Ac-225 Rosopatamab Tetraxetan (CONV01-α): CONVERGE-01 Interim Data Show Encouraging Activity After Lu-177-PSMA Therapy


Ac-225 rosopatamab tetraxetan shows promising activity in Lu-PSMA–pretreated mCRPC | Urology Times

Advanced Therapy Watch

BLUF (Bottom Line Up Front): 

At the 2026 ASCO Annual Meeting, Convergent Therapeutics reported interim Phase 2 results from Part 3 of the CONVERGE-01 trial testing Ac-225 rosopatamab tetraxetan (CONV01-α), an alpha-particle-emitting radioantibody, in men with metastatic castration-resistant prostate cancer (mCRPC) whose disease had already progressed after Lu-177-PSMA radioligand therapy — a population with no established standard of care. Among 35 treated patients, 40% of those evaluable for PSA response achieved a decline of 50% or more, with the best durability seen at the intended Phase 3 target dose (median radiographic progression-free survival of 8.41 months). Side effects were mostly blood-count related and manageable; there was no kidney toxicity and no severe dry mouth. No patients stopped treatment because of side effects. The company plans to move CONV01-α into a pivotal Phase 3 trial for this Lu-PSMA-exposed population. CONVERGE-01 (NCT06549465) continues to enroll at UC San Diego and other U.S. sites; this is the same trial in which our IPCSG member Stephen Pendergast is currently participating.

Why This Matters

Lu-177-PSMA radioligand therapy (marketed as Pluvicto) has become a mainstay treatment for PSMA-positive mCRPC, but nearly all men eventually progress on it, and until now there has been no agreed-upon next step once that happens. CONV01-α approaches the same PSMA target with a different tool: instead of a small PSMA-binding molecule carrying a beta-emitting isotope (Lu-177), it uses a full-sized monoclonal antibody called rosopatamab, developed from research by Dr. Neil Bander at Weill Cornell Medicine, to carry the alpha-emitting isotope actinium-225 (Ac-225) directly into PSMA-expressing tumor cells. Alpha particles deposit far more energy over a much shorter path than beta particles, which in principle allows more precise cell killing with less collateral damage to nearby healthy tissue — including the salivary glands and kidneys, both of which can be affected by other PSMA-targeted radioligand therapies.

What Was Reported at ASCO 2026

The data were presented on June 1, 2026, by Dr. Michael J. Morris of Memorial Sloan Kettering Cancer Center, Scientific Advisory Committee Co-Chair for the trial, during ASCO's "Radiation Re-Imagined: Radioligand Innovation in Prostate Cancer" clinical science symposium in Chicago.

Patients and Trial Design

CONVERGE-01 is a Phase 2, open-label, multicenter study conducted in three parts. Part 1 characterized how the radioantibody distributes through the body and to tumor sites. Part 2 enrolled patients who had never received Lu-PSMA therapy, for dose optimization. Part 3 — the cohort reported at ASCO — enrolled patients who had already progressed on Lu-177-PSMA. All patients received CONV01-α as a fractionated two-dose regimen, on Day 1 and Day 15 of a single cycle.

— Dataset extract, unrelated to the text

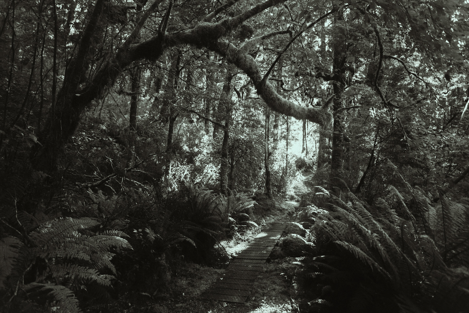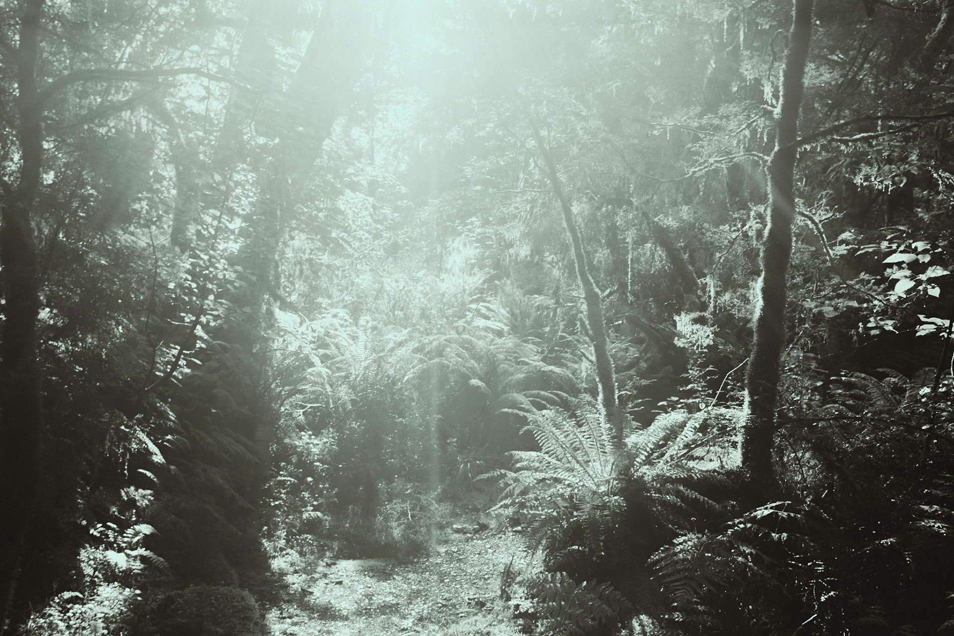 Using an SLR to study the tonal range of ferns and trees in natural light.

CharacteristicPart 3 Cohort (n=35)
Median age72 years (range 58–83)
Median baseline PSA40.12 ng/mL (range 4.16–1,910)
Prior taxane chemotherapy80%
Prior ARPI therapy (e.g., abiraterone, enzalutamide, apalutamide, darolutamide)100%
Median prior Lu-177-PSMA cycles6 (range 2–6)
Median follow-up at analysis8.14 months

Efficacy

  • Among 25 patients evaluable for PSA response, 40% achieved a PSA decline of ≥50%, with responses seen across all dose groups tested (below, at, and above the intended target dose).
  • Durability was greatest at the dose selected for the planned Phase 3 trial (9 MBq/kg), where median radiographic progression-free survival reached 8.41 months (95% CI, 2.83 to not-yet-reached).
  • Dose escalation was completed without dose-limiting toxicities across the dose levels evaluated.

Safety

The most frequently reported treatment-related side effects were dry mouth (62.9%), nausea (60%), and reductions in lymphocyte and platelet counts (60% each), followed by fatigue (54.3%), anemia (40%), reduced appetite (40%), reduced white blood cell count (40%), reduced neutrophil count (34.3%), and altered taste (22.9%). Grade 3 (more severe) side effects were described as clinically manageable and generally temporary, and no patient discontinued treatment because of a side effect. Notably, there was no kidney toxicity and no severe (Grade 3+) dry mouth reported — an important distinguishing feature, since kidney effects and severe dry mouth have been concerns with some other PSMA-targeted radioligand approaches. Baseline dry mouth related to prior radioligand therapy was already present in 48.6% of enrolled patients before starting CONV01-α, rising modestly to 62.9% during treatment; Dr. Morris noted this uptick was somewhat unexpected, since imaging studies of the drug show minimal uptake in the salivary glands.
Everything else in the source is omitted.